What matters also, of course, is the sounding end result, which, like Staalplaat's roots reaching back to the early 1980s, has a distinctive industrial inclination to it.

SSS's most popular piece has been, despite all of the above, a series of performances entitled Yokomono, whose technical realisation is complex enough to warrant a lengthy elaboration. Its basic idea is to use a performance setup consisting of so many unpredictable technical components that it is, in practical terms, impossible to control the whole system. Avanto is now staging the premiere of the latest incarnation in the series, Yokomono 03.

The yokomono are Japanese electronic toys, battery-powered miniature cars, with a record player's needle on the underside and a small speaker inside. SSS employs a fleet of ten yokomono cars retrofitted with small FM radio transmitters inside them and with antennas on their roofs. The sounds transmitted by the tiny cars are received by ten battery radios – in flaming red, like the cars. The vinyl records are placed on a table, and the miniature cars are set to drive in a circle on them. One of the uncertainty factors is that the cars are battery-powered: the batteries don't last for very long, and, eventually, the speed of the cars as well as the frequencies of the radio transmitters begin to fluctuate, resulting in the transmitters skipping from one frequency to another. Another factor is the shoddiness of the cars' cheap styluses; SSS calls them "vinyl killers".

The confusion is confounded by the nature of the records the vinyl killers are playing. For "DJ gigs" like this, SSS has released two Yokomono vinyl records featuring their favourite artists – pioneers of experimental music like Phill Niblock and Charlemagne Palestine, as well as names familiar from Avanto such as Ilpo Väisänen of Pan Sonic, Radian, Goodiepal, Fennesz, and Carl-Michael von Hausswolff. Each of the artists was asked to produce five sound loops of exactly 1.8 seconds. This is the duration of one revolution of a long-playing vinyl record. Moreover, the records have been pressed using locked groove technique, i.e. the needle of the turntable, or in this case of the toy car, will lock endlessly on one single 1.8-second groove of the record.

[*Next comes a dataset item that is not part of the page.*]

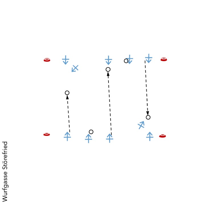 - Störefried (siehe Bild 2): Man darf seine Nachbarn links und rechts jeweils so stören, dass man sie bei Fangen ablenkt. Das kann mit Geräuschen oder anderen Mitteln sein. Man darf auch "so tun als ob" man die kommende Scheibe berührt oder fängt. Dabei darf man aber die Scheibe der anderen nie berühren. Für diese Übung sollte man die Distanz auf 15-20m verlängern und etwas Tempo aus der Übung nehmen.
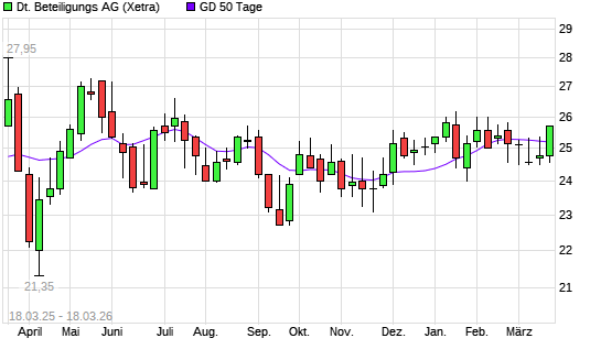 Mit dem Anstieg auf 25,35 EUR hat die Deutsche Beteiligungs-Aktie am 17.03.2026 die 50-Tage-Linie nach oben gekreuzt.Die Deutsche Beteiligungs-Aktie befindet sich seit dem 11.03.2026 ...weiterlesen

For the Avanto Nightclub, SSS decided to compile a thematic Yokomono vinyl release. The theme: Helsinki and its environmental sounds. The other half of Pan Sonic, Mika Vainio, a resident of Berlin like SSS, was commissioned to produce a seven-minute composition. Petri Kuljuntausta from Helsinki was, in turn, asked to provide a composition of an equal length responding to Vainio's piece. The sound material to be used for the compositions, field recordings from the turn of the 1960s and 1970s made at the Hietalahti shipyard in Helsinki, was discovered in the special effects archive of YLE Finnish Broadcasting Company. These sounds have a personal dimension for both composers: Vainio spent a part of his childhood living near the dockyard, while Kuljuntausta has used sounds recorded from inside ships' hulls as material for his earlier works.

Yokomono 03 will be pressed using an even more exotic method than the previous ones. The grooves holding the two compositions by Vainio and Kuljuntausta cross with each other for their entire duration. What this amounts to is that every 1.8 seconds, the needle may skip from Vainio's piece to Kuljuntausta's composition and vice versa – for as long as the batteries last.

The other side of the record features the traditional loops of 1.8 seconds, commissioned from Blixa Bargeld, Merzbow, Main, Alexei Borisov, Donna Summer, G.X. Jupitter-Larsen, Andrey Kiritchenko, Zbigniew Karkowski, Un Caddie Renversé Dans l'Herbe and Ditterich von Euler-Donnersperg, with five loops from each featured artist and their own sound environments. Avanto is the co-producer of this unique release, which will be on sale at the festival venues!